[Opening Material to process section]

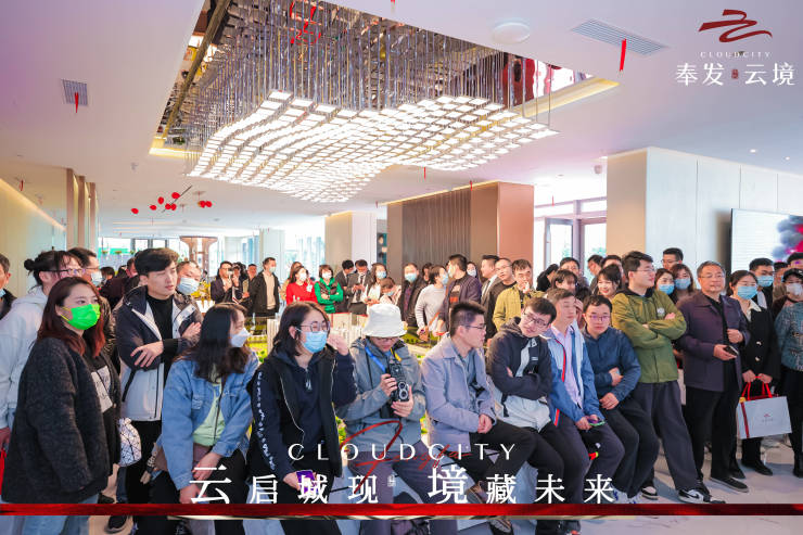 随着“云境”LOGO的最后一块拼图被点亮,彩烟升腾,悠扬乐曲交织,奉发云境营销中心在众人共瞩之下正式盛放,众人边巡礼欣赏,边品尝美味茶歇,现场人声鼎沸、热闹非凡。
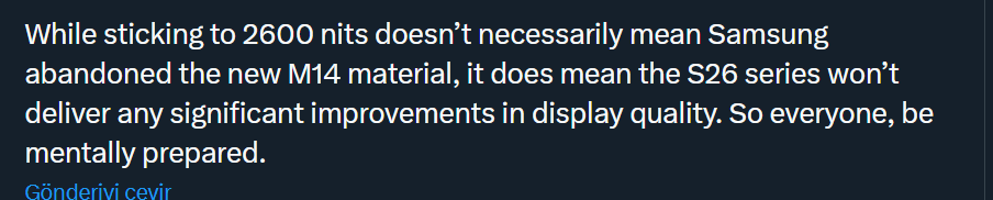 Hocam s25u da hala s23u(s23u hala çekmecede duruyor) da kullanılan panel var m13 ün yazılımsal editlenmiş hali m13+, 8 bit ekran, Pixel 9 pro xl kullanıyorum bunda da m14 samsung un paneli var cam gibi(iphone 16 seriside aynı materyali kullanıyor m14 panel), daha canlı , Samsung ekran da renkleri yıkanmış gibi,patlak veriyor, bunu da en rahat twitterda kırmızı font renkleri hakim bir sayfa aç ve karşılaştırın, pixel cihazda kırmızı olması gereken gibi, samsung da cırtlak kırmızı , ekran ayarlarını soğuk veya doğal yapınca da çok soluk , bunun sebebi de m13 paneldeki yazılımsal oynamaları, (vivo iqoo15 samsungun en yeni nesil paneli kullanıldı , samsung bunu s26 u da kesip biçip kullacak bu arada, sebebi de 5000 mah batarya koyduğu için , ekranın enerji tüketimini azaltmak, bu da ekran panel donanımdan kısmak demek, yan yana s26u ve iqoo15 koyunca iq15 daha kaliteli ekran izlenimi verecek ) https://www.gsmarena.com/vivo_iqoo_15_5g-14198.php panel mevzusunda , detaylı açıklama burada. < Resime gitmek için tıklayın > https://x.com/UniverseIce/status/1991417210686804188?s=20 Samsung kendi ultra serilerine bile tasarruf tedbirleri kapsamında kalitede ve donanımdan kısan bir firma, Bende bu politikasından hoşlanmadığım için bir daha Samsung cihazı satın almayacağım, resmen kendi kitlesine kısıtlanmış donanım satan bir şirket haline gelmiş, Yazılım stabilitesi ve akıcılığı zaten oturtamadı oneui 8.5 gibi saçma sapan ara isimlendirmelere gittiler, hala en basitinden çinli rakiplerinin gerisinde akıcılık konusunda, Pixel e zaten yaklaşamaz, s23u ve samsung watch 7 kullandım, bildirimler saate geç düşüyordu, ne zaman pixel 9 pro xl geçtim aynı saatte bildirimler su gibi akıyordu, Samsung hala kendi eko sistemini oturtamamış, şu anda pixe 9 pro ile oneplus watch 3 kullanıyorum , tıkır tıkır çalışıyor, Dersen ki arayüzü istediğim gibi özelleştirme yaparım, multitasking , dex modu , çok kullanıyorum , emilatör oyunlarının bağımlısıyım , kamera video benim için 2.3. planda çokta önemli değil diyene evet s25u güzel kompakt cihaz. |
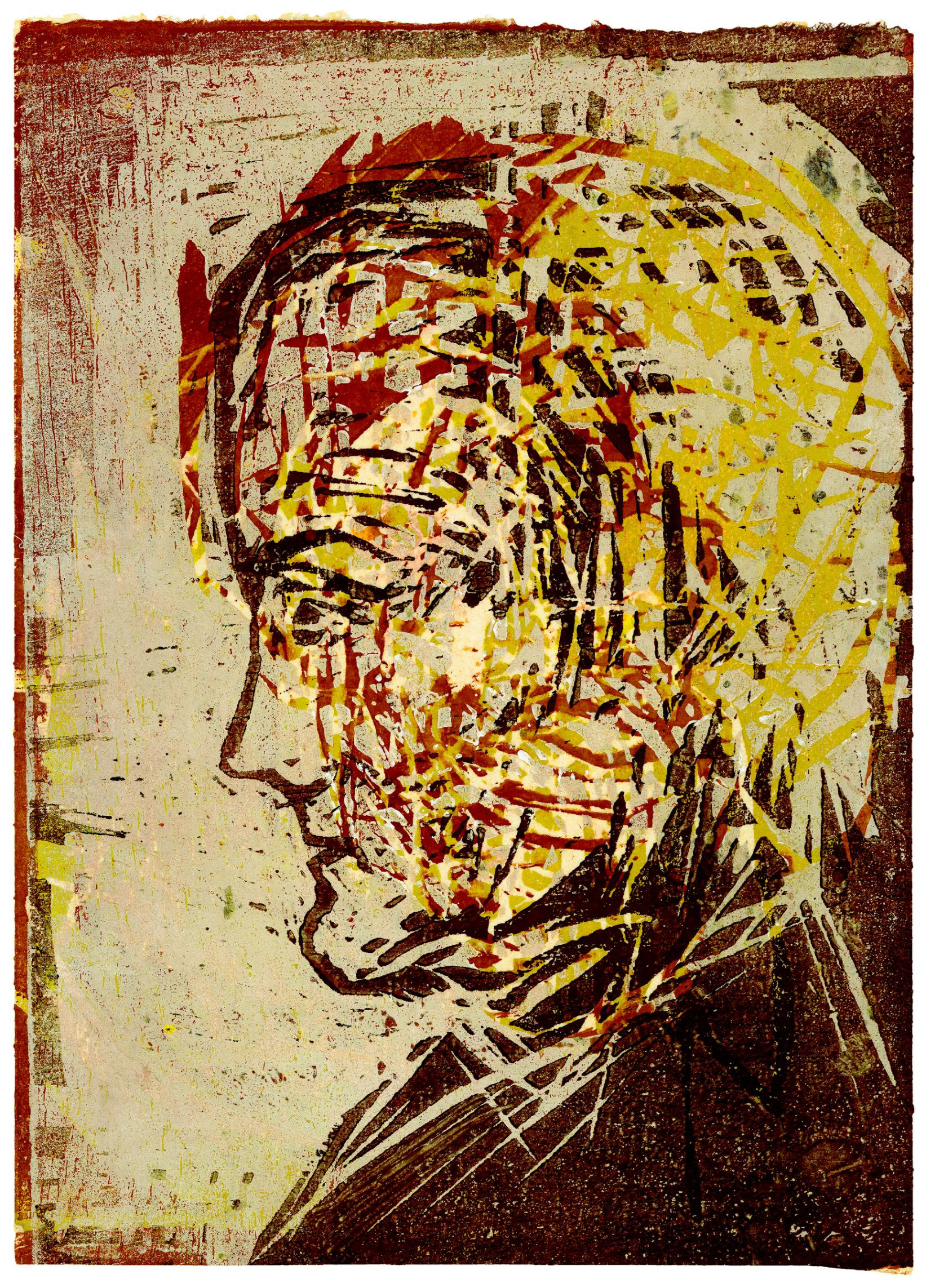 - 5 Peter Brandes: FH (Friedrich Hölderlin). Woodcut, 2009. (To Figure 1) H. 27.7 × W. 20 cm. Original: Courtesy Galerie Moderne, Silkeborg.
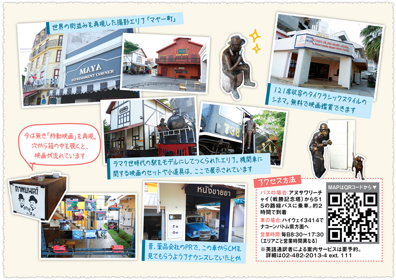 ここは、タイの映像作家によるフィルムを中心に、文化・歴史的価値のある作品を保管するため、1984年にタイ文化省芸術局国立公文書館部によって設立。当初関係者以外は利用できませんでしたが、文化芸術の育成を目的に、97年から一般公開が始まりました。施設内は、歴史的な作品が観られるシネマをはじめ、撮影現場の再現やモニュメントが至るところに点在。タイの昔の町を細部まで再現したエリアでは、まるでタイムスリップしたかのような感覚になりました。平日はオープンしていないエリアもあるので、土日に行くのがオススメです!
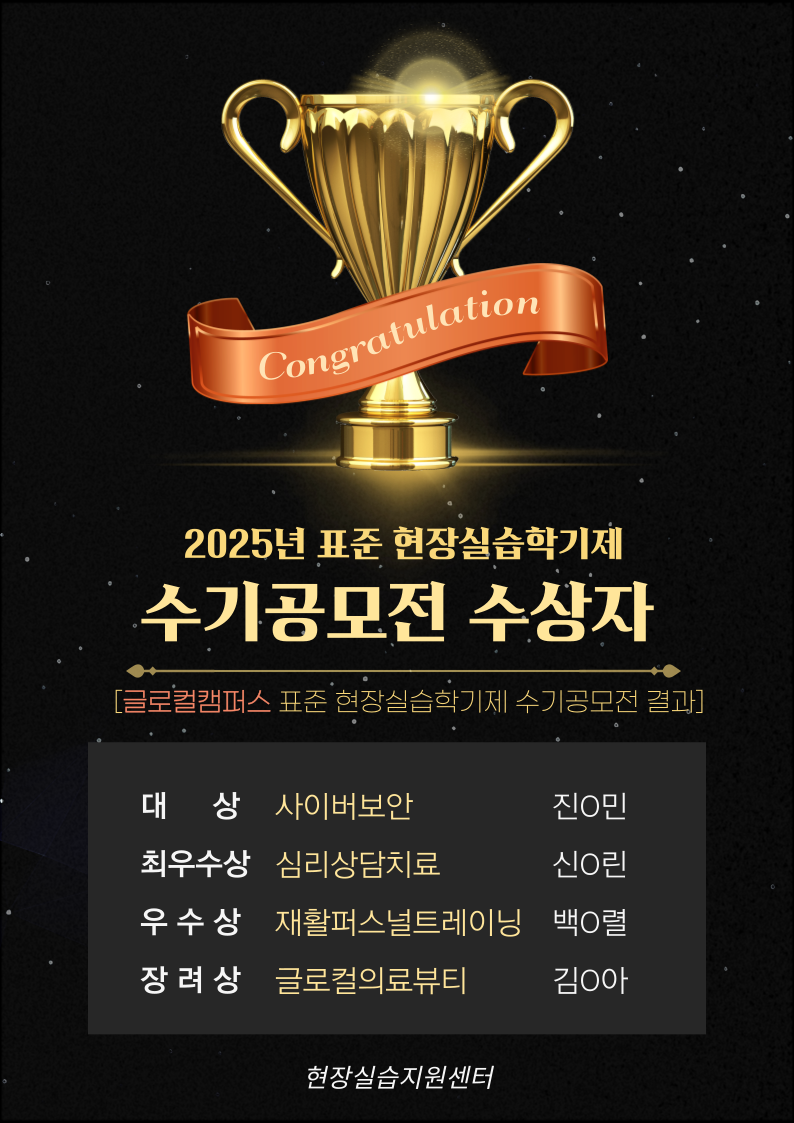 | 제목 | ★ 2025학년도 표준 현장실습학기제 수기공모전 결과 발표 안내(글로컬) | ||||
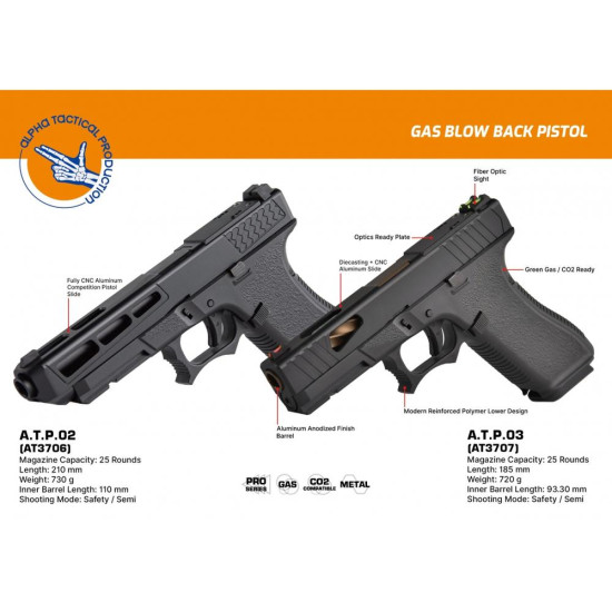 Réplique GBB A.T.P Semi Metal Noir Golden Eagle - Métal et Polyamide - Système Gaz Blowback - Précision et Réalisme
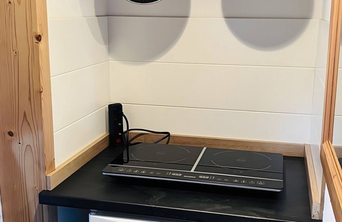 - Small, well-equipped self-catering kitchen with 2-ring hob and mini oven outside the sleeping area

[Closing Material to process section]

Repeat the data exactly, without the pictures.

 随着“云境”LOGO的最后一块拼图被点亮,彩烟升腾,悠扬乐曲交织,奉发云境营销中心在众人共瞩之下正式盛放,众人边巡礼欣赏,边品尝美味茶歇,现场人声鼎沸、热闹非凡。
 Hocam s25u da hala s23u(s23u hala çekmecede duruyor) da kullanılan panel var m13 ün yazılımsal editlenmiş hali m13+, 8 bit ekran, Pixel 9 pro xl kullanıyorum bunda da m14 samsung un paneli var cam gibi(iphone 16 seriside aynı materyali kullanıyor m14 panel), daha canlı , Samsung ekran da renkleri yıkanmış gibi,patlak veriyor, bunu da en rahat twitterda kırmızı font renkleri hakim bir sayfa aç ve karşılaştırın, pixel cihazda kırmızı olması gereken gibi, samsung da cırtlak kırmızı , ekran ayarlarını soğuk veya doğal yapınca da çok soluk , bunun sebebi de m13 paneldeki yazılımsal oynamaları, (vivo iqoo15 samsungun en yeni nesil paneli kullanıldı , samsung bunu s26 u da kesip biçip kullacak bu arada, sebebi de 5000 mah batarya koyduğu için , ekranın enerji tüketimini azaltmak, bu da ekran panel donanımdan kısmak demek, yan yana s26u ve iqoo15 koyunca iq15 daha kaliteli ekran izlenimi verecek ) https://www.gsmarena.com/vivo_iqoo_15_5g-14198.php panel mevzusunda , detaylı açıklama burada. < Resime gitmek için tıklayın > https://x.com/UniverseIce/status/1991417210686804188?s=20 Samsung kendi ultra serilerine bile tasarruf tedbirleri kapsamında kalitede ve donanımdan kısan bir firma, Bende bu politikasından hoşlanmadığım için bir daha Samsung cihazı satın almayacağım, resmen kendi kitlesine kısıtlanmış donanım satan bir şirket haline gelmiş, Yazılım stabilitesi ve akıcılığı zaten oturtamadı oneui 8.5 gibi saçma sapan ara isimlendirmelere gittiler, hala en basitinden çinli rakiplerinin gerisinde akıcılık konusunda, Pixel e zaten yaklaşamaz, s23u ve samsung watch 7 kullandım, bildirimler saate geç düşüyordu, ne zaman pixel 9 pro xl geçtim aynı saatte bildirimler su gibi akıyordu, Samsung hala kendi eko sistemini oturtamamış, şu anda pixe 9 pro ile oneplus watch 3 kullanıyorum , tıkır tıkır çalışıyor, Dersen ki arayüzü istediğim gibi özelleştirme yaparım, multitasking , dex modu , çok kullanıyorum , emilatör oyunlarının bağımlısıyım , kamera video benim için 2.3. planda çokta önemli değil diyene evet s25u güzel kompakt cihaz. |
 - 5 Peter Brandes: FH (Friedrich Hölderlin). Woodcut, 2009. (To Figure 1) H. 27.7 × W. 20 cm. Original: Courtesy Galerie Moderne, Silkeborg.
 ここは、タイの映像作家によるフィルムを中心に、文化・歴史的価値のある作品を保管するため、1984年にタイ文化省芸術局国立公文書館部によって設立。当初関係者以外は利用できませんでしたが、文化芸術の育成を目的に、97年から一般公開が始まりました。施設内は、歴史的な作品が観られるシネマをはじめ、撮影現場の再現やモニュメントが至るところに点在。タイの昔の町を細部まで再現したエリアでは、まるでタイムスリップしたかのような感覚になりました。平日はオープンしていないエリアもあるので、土日に行くのがオススメです!
 | 제목 | ★ 2025학년도 표준 현장실습학기제 수기공모전 결과 발표 안내(글로컬) | ||||
 Réplique GBB A.T.P Semi Metal Noir Golden Eagle - Métal et Polyamide - Système Gaz Blowback - Précision et Réalisme
 - Small, well-equipped self-catering kitchen with 2-ring hob and mini oven outside the sleeping area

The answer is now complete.